Under these circumstances, Commission advisors have expressed “overall reservations” with regard to proposed financial allocation indicators, arguing an adequate assessment of the proposed priorities and growth needs is impossible at the moment, given the broad and general manner in which they are presented.
According to a point-by-point breakdown of the EC’s analysis, the text’s focus is more on accomplishments achieved so far with respect to the health system, education reform, and undeclared labor, rather than on describing underlying problems and identifying their cause.
Moreover, although agriculture is an important sector of Romanian economy and society, the Partnership Agreement draft does not provide a clear image of the Romanian authorities’ vision toward its future development, as needs are presented superficially and without any references to investments in innovation, added value domains, or the bio produce sector.
EU officials recommended the Government bring more focus on the potential of ports and they pointed out references made to Port Constanta are “fairly poor” and based on general assumptions that the so far “disappointing” progress will be improved upon.
Even though the document lays emphasis on the slow assimilation of information and communication technologies in the IT sector, as well as low digital literacy levels, the actions proposed by the Romanian state refer to public administration, culture, education, health, and infrastructure, while completely ignoring internet connection. EC experts warned this underlines the weak-points of the digital agenda by combining various measures with no clear competitiveness-oriented strategy arrived at through serious analysis.

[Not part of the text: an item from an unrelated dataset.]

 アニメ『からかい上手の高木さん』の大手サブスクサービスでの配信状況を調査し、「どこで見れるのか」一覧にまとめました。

With regard to energy efficiency in buildings, the recommendation was to take into account smart metering and use of renewable energy and avoid focusing only on thermal insulation in the drafting of financial priorities.

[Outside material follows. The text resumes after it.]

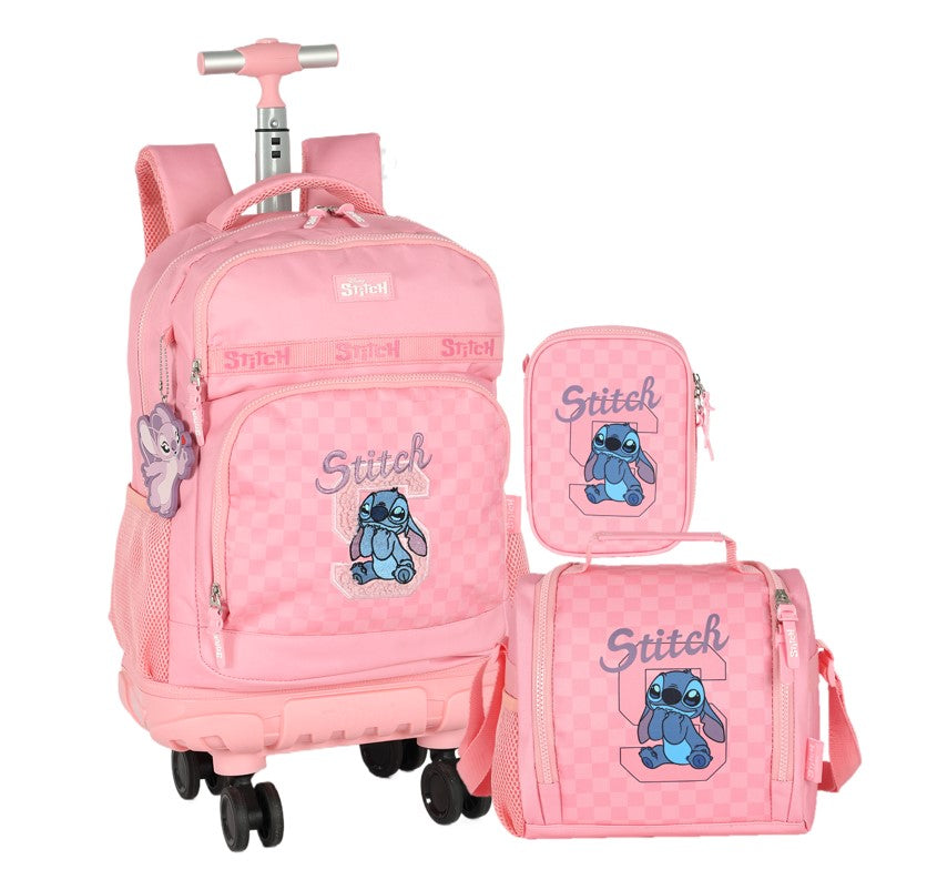 Kit Mochila de Rodinha Stitch Rosa com Lancheira e Estojo – Luxcel Oficial

According to the same source, the chapter on equality between men and women is rather undeveloped and requires additional work. The equality of chances criterion in selecting projects should be better explained, because a broad definition of this policy as a selection criterion could be irrelevant in some cases and generate artificial administrative difficulties.
As far as public procurements are concerned, the Commission does not believe conditions in this respect have been met and warns that despite “recent, but timid” progress the public procurement system still requires significant improvement before it can be considered efficient. Recommendations agreed upon with the Commission in this matter should be immediately and extensively implemented.

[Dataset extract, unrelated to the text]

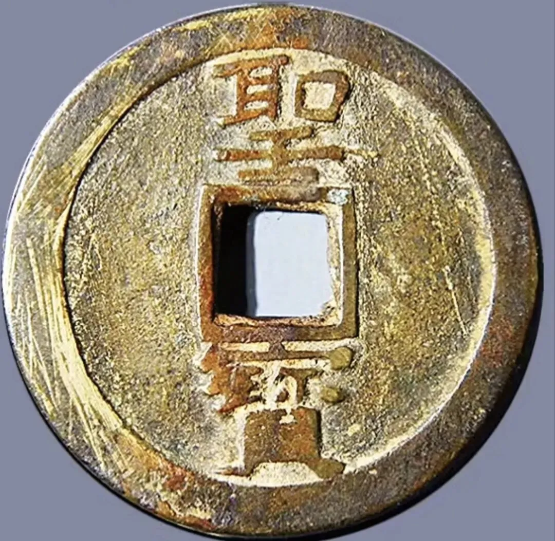 西夏天庆宝钱,尺寸直径24.4mm,厚度1.6,重4.1g,成交价4500元。

MFE: January report will take into account EC’s comments
The Ministry for European Funds (MFE) stated in a press release that the 2014-2020 PA would be submitted to the EC by end-January and several of the EC officials’ December comments have already been tackled. According to the cited source, Romania has had “a pro-active approach” in preparing documents for the 2014-2020 period, and started an informal dialog with Commission representatives early on. MFE also pointed out Member States can send over the official Partnership Agreement within four months after regulations have been approved, according to the provisions under European regulations.
PDL asks for Teodorovici’s resignation
Alexandru Nazare, deputy chairman of PDL, announced at a press conference Sunday that PDL will ask PM Victor Ponta to demote the European Funds Minister, as the Partnership Agreement he sent to Brussels has been officially rejected and the absorption of European funds is being delayed. Nazare accused the European Funds Minister of promising a 50 percent absorption rate by end-2013, while only achieving a 25 percent rate. Behind the PA failure, he continued, is a “serious misunderstanding within USL over money distribution.”